Sparse Kernelized Logistic Regression

Extending logistic regression to a sparse version that detects nonlinear decision boundaries.
Author

Liam Smith

Published

May 5, 2024

Abstract

In this blog post, we extend our previous implementation of standard logistic regression to a kernelized setting, allowing our model to detect nonlinear decision boundaries. Specifically, we implement a sparse kernel machine using the \(\ell_1\) regulizer to ensure that the vast majority of \(\mathbf{a}\)’s entries are indistinguishable from zero. After implementing sparse kernelized logistic regression, we perform a few experiments to investigate the properties of the algorithm. We test different values of \(\lambda\) to investigate how this parameter impacts the number of points indistinguishable from zero, we test different values of \(\gamma\) to reveal how this parameter impacts the wiggliness of our decision boundary, and we test the model on nonlinear data from scikit-learn’s make_moons() function to illustrate that the model is robust to nonlinear patterns. Finally, we fit a model with a large \(\gamma\)-value and compute ROC curves to reveal how this parameter may lead to overfitting. To see my implementation of sparse kernelized logistic regression, please visit sparse_kernel_logistic.py.

Generating Training Data

First, we import the packages we will need for this assignment.

# import packages
%load_ext autoreload
%autoreload 2
from sparse_kernel_logistic import KernelLogisticRegression, GradientDescentOptimizer
import torch 
from matplotlib import pyplot as plt
from sklearn.datasets import make_moons
import numpy as np
plt.style.use('seaborn-v0_8-whitegrid')

Next, we generate the data that we will use to train our model. Thank you to Professor Chodrow for providing the functions for generating and visualizing training data.

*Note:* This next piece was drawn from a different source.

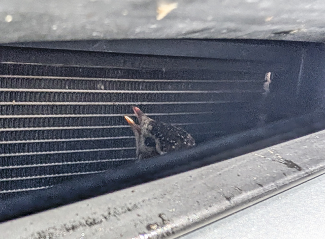On our return to Clarens we went to fill up with petrol and with the help of the attendant (no self service filling stations in South Africa) we managed to get our hitchhiking bird out of the grill. I moved him into the shade to recover but I think sadly his chances of survival after his ordeal were probably low.

# define function for creating classification data
def classification_data(n_points = 300, noise = 0.2, p_dims = 2):
    
    y = torch.arange(n_points) >= int(n_points/2)
    y = 1.0*y
    X = y[:, None] + torch.normal(0.0, noise, size = (n_points,p_dims))
    # X = torch.cat((X, torch.ones((X.shape[0], 1))), 1)
    
    X = X - X.mean(dim = 0, keepdim = True)
    return X, y

# define function for plotting classification data
def plot_classification_data(X, y, ax):
    assert X.shape[1] == 2, "This function only works for data created with p_dims == 2"
    targets = [0, 1]
    markers = ["o" , ","]
    for i in range(2):
        ix = y == targets[i]
        ax.scatter(X[ix,0], X[ix,1], s = 20,  c = y[ix], facecolors = "none", edgecolors = "darkgrey", cmap = "BrBG", vmin = -1, vmax = 2, alpha = 0.8, marker = markers[i])
    ax.set(xlabel = r"$x_1$", ylabel = r"$x_2$")

# set seed
torch.manual_seed(1)

# create classification data
X, y = classification_data(n_points = 100, noise = 0.4)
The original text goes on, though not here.